Mr Hollande’s carefully chosen words contrast with the more blunt tone of his prime minister, Manuel Valls, who argued in the first months of this year that Germany’s migration proposals were “unsustainable in the long term” and a threat to European stability.

In addition, Mr Valls said France rejected a permanent relocation mechanism and would not accept any more than the 30,000 asylum seekers over two years it signed up to last year.

Bild asked if, given Germany accepted one million asylum seekers last year, the French contribution classified as "European solidarity".

Fair share

In response, Mr Hollande insisted that France was taking its fair share and that it had accepted about 80,000 asylum seekers in total last year.

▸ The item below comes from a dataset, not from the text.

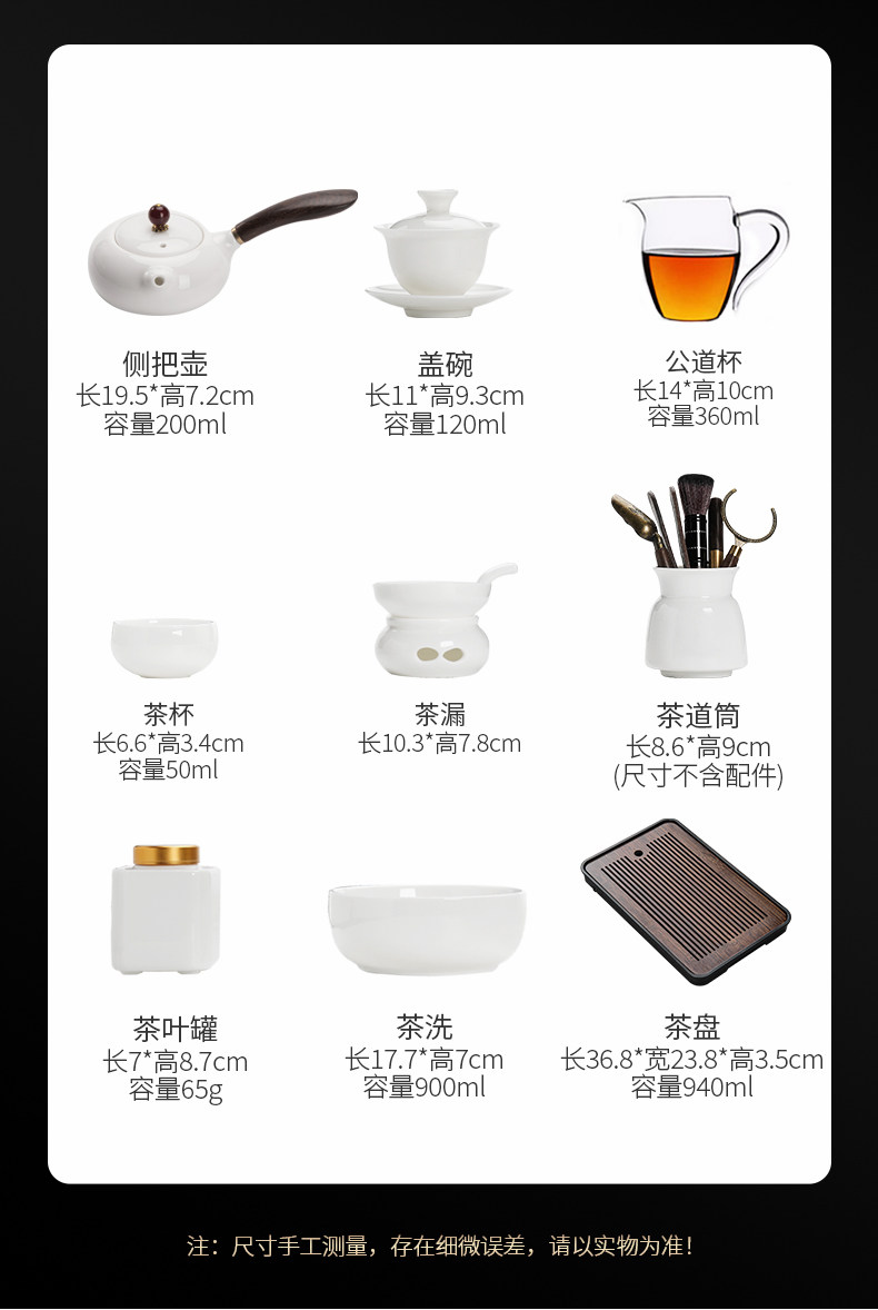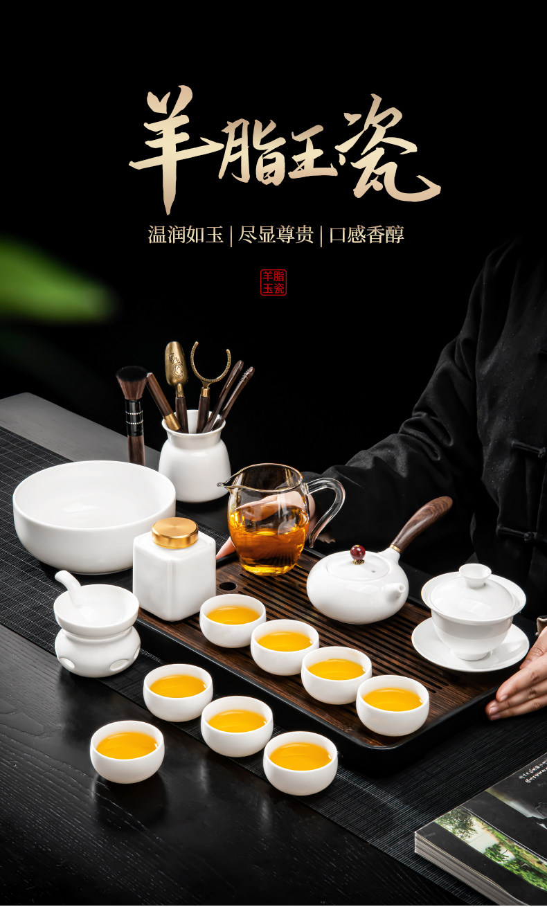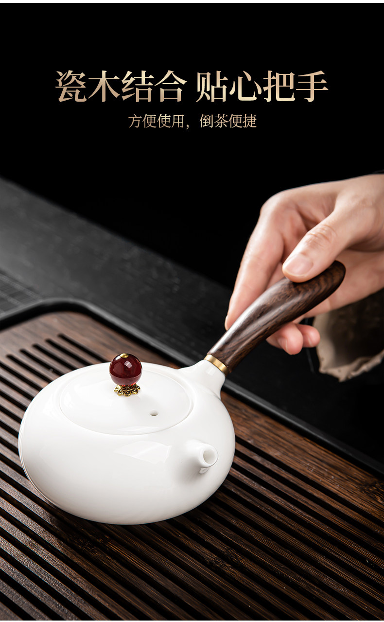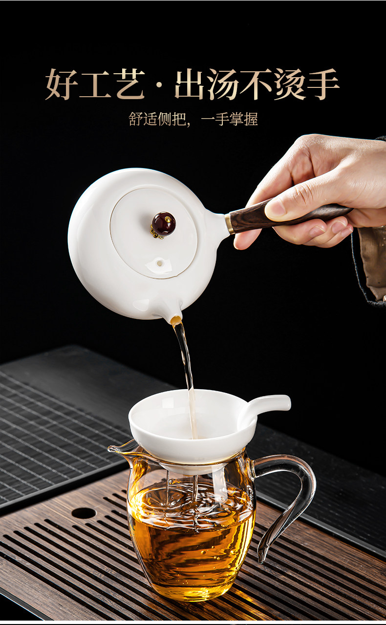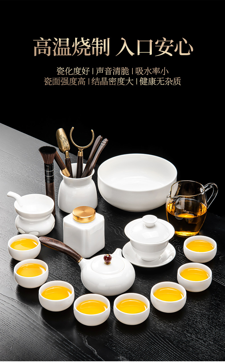 New Dehua White Jade Porcelain Kung Fu Tea Set for Home Use, Light Luxury High-End Side-Handle Teapot, Teacups, and Tea Tray

France’s Socialist president said Europe’s crises had closed an initial personal gap with Dr Merkel, leader of Germany’s centre-right Christian Democratic Union.

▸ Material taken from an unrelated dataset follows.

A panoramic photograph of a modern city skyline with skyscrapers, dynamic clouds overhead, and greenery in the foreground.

But after a series of violent Islamist attacks – twice in Paris, Brussels and northern Africa – he said it was “unbearable” that Europe had yet agreed closer intelligence sharing.

“In the end we [in Europe] always succeed in finding a solution . . . but we always have to pay a high price for the time lost,” Mr Hollande said.

Meanwhile, Germany has said it will consider lifting its temporary border controls with Austria in May, after eight months, should the number of migrants continue to drop.

“We would not extend the border controls beyond May 12th if the numbers remain this low,” Thomas de Maizière, federal interior minister, told Austria’s ORF broadcaster.

Controls introduced

Germany introduced the controls last September, when more than 10,000 migrants were arriving daily into the country, many fleeing violent conflicts in Syria, Afghanistan and Iraq.

Mr de Maizière said the number of asylum-seekers had plunged in February, following border clampdowns by Austria and other countries along the Balkan route. These measures were criticised by Berlin at the time.

Ahead of today’s Franco-German meeting, a poll by the French Ifop agency suggests that two-thirds of Germans and 72 per cent of French people favour an end to the Schengen open-borders arrangement.

In Italy, for years on the front lines of the migration crisis, that number was 60 per cent.